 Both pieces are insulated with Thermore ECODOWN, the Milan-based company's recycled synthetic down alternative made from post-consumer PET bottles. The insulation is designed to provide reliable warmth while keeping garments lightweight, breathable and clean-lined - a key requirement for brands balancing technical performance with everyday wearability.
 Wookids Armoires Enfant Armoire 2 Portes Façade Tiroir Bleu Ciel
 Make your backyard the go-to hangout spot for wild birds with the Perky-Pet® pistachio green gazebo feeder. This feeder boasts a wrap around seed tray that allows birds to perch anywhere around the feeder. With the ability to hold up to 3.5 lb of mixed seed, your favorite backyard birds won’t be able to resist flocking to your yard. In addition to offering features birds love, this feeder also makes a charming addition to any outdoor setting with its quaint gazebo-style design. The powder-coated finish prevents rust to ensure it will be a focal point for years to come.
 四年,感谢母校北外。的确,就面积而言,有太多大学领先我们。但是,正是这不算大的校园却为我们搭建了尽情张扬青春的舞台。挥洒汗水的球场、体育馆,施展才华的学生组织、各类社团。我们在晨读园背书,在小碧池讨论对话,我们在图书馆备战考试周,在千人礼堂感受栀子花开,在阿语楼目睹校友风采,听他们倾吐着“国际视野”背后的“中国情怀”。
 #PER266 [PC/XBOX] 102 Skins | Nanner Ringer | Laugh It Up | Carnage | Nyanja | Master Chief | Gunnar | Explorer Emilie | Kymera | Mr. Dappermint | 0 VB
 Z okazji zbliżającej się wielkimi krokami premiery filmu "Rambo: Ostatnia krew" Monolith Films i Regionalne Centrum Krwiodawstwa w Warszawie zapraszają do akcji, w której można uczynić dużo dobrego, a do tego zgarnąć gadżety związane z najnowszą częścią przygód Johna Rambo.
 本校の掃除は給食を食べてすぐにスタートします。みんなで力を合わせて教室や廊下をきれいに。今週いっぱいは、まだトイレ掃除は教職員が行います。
---------------
Return each line of the data above verbatim.

▸ Your solution
 Both pieces are insulated with Thermore ECODOWN, the Milan-based company's recycled synthetic down alternative made from post-consumer PET bottles. The insulation is designed to provide reliable warmth while keeping garments lightweight, breathable and clean-lined - a key requirement for brands balancing technical performance with everyday wearability.
 Wookids Armoires Enfant Armoire 2 Portes Façade Tiroir Bleu Ciel
 Make your backyard the go-to hangout spot for wild birds with the Perky-Pet® pistachio green gazebo feeder. This feeder boasts a wrap around seed tray that allows birds to perch anywhere around the feeder. With the ability to hold up to 3.5 lb of mixed seed, your favorite backyard birds won’t be able to resist flocking to your yard. In addition to offering features birds love, this feeder also makes a charming addition to any outdoor setting with its quaint gazebo-style design. The powder-coated finish prevents rust to ensure it will be a focal point for years to come.
 四年,感谢母校北外。的确,就面积而言,有太多大学领先我们。但是,正是这不算大的校园却为我们搭建了尽情张扬青春的舞台。挥洒汗水的球场、体育馆,施展才华的学生组织、各类社团。我们在晨读园背书,在小碧池讨论对话,我们在图书馆备战考试周,在千人礼堂感受栀子花开,在阿语楼目睹校友风采,听他们倾吐着“国际视野”背后的“中国情怀”。
 #PER266 [PC/XBOX] 102 Skins | Nanner Ringer | Laugh It Up | Carnage | Nyanja | Master Chief | Gunnar | Explorer Emilie | Kymera | Mr. Dappermint | 0 VB
 Z okazji zbliżającej się wielkimi krokami premiery filmu "Rambo: Ostatnia krew" Monolith Films i Regionalne Centrum Krwiodawstwa w Warszawie zapraszają do akcji, w której można uczynić dużo dobrego, a do tego zgarnąć gadżety związane z najnowszą częścią przygód Johna Rambo.
 本校の掃除は給食を食べてすぐにスタートします。みんなで力を合わせて教室や廊下をきれいに。今週いっぱいは、まだトイレ掃除は教職員が行います。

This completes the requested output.